1. Le droit au travail : un principe sous-jacent de validité et d’interprétation des clauses

1.1 La règle de l’article 2089 C.c.Q

1.1.2 Les critères prévus à l’article 2089 alinéa 2 C.c.Q

1.1.2.2 L’article 2089 alinéa 2 C.c.Q

1.1.2.2.3 L’évaluation globale de la clause : l’impact sur le droit au travail

«La jurisprudence considère […] que la nécessité de protéger les intérêts légitimes de l’employeur doit être appréciée en tenant compte du droit fondamental de l’employé de travailler et de gagner sa vie.»332 Ainsi, une fois déterminé que les trois limitations de durée, de territoire et de genre de travail sont raisonnables en elles-mêmes pour protéger les intérêts légitimes de l’employeur, il reste une étape primordiale de l’analyse à effectuer : l’évaluation globale de la raisonnabilité/nécessité de la clause pour protéger les intérêts légitimes de l’employeur. Cette analyse globale devrait se faire, et se fait souvent en l’espèce, sous l’angle de l’impact de la protection de ces intérêts légitimes sur le droit au travail, la liberté de travail et la capacité de l’employé de gagner sa vie.

En effet, tel que nous l’avons déjà mentionné à de nombreuses reprises, l’article 2089 C.c.Q. existe en quelque sorte pour rétablir l’équilibre des fources entre l’employeur et l’employé et permettre de protéger adéquatement les intérêts commerciaux du premier tout en respectant le droit au travail du second333. Ainsi, la «liberté de travailler et de gagner sa vie sont des valeurs fondamentales véhiculées au sein de notre société. Les clauses de non-concurrence portant atteinte à de telles valeurs, elles ont généralement été envisagées sévèrement par les tribunaux.»334 Les tribunaux interprètent de manière très restrictive les clauses de non-concurrence335 et «le rapport de force qui favorise l’employeur constitue l’un des fondements de l’attitude restrictive dont font preuve les tribunaux à l’égard des clauses restrictives»336. Ce rapport de force mène d'ailleurs souvent à la conclusion que la clause de non-concurrence est comprise dans un contrat d’adhésion, dont les règles d’interprétation seront étudiées dans une section ultérieure337.

330 C.c.Q. art. 2089.

331 M. ST-PIERRE PLAMONDON, préc., note 84, p. 35, à la page 62. 332 N.-A. BÉLIVEAU, préc., note 4, p. 16.

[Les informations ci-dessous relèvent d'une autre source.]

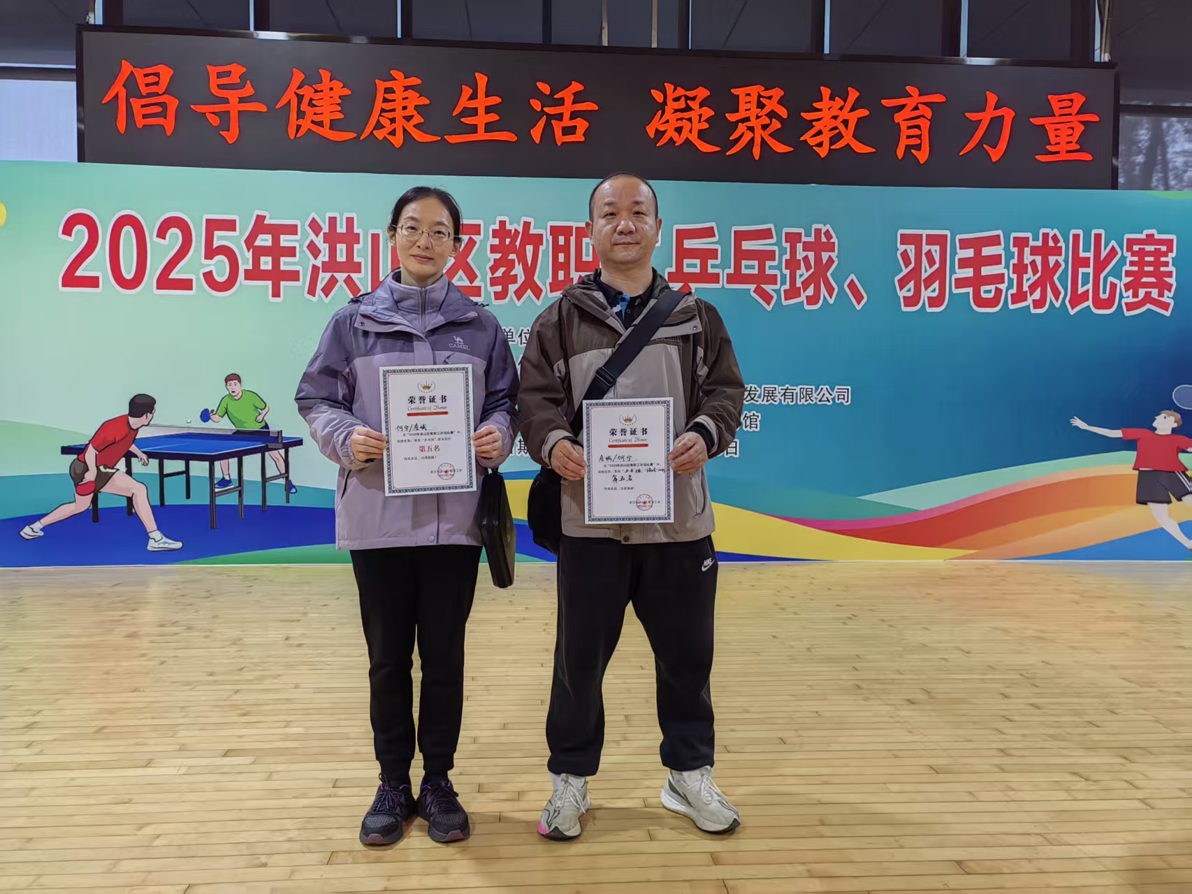 比赛中,选手们精神饱满,面对强劲对手,他们沉着冷静、灵活应变,每一次精彩对抗都赢得现场阵阵掌声。经过多轮激烈角逐,我校两支代表队分别斩获“洪山区教职工乒羽比赛混双第五名(詹斌、何宁)”;“丰华苑乒乓球争霸赛男单第三名(郑志文)”。

333 M.-F. BICH, préc., note 3, p. 243, à la page 267.

334 N.-A. BÉLIVEAU et S. LEBEL, préc., note 99, p. 113, à la page 126.

335 Beau-T Stop distribution inc. c. Mailhot, préc., note 13, par. 28 ; voir aussi à ce sujet M.-F. BICH, préc.,

note 3, p. 243, aux pages 263 et 264.

336 N.-A. BÉLIVEAU, préc., note 4, p. 3. 337 Infra, section 1.3.2.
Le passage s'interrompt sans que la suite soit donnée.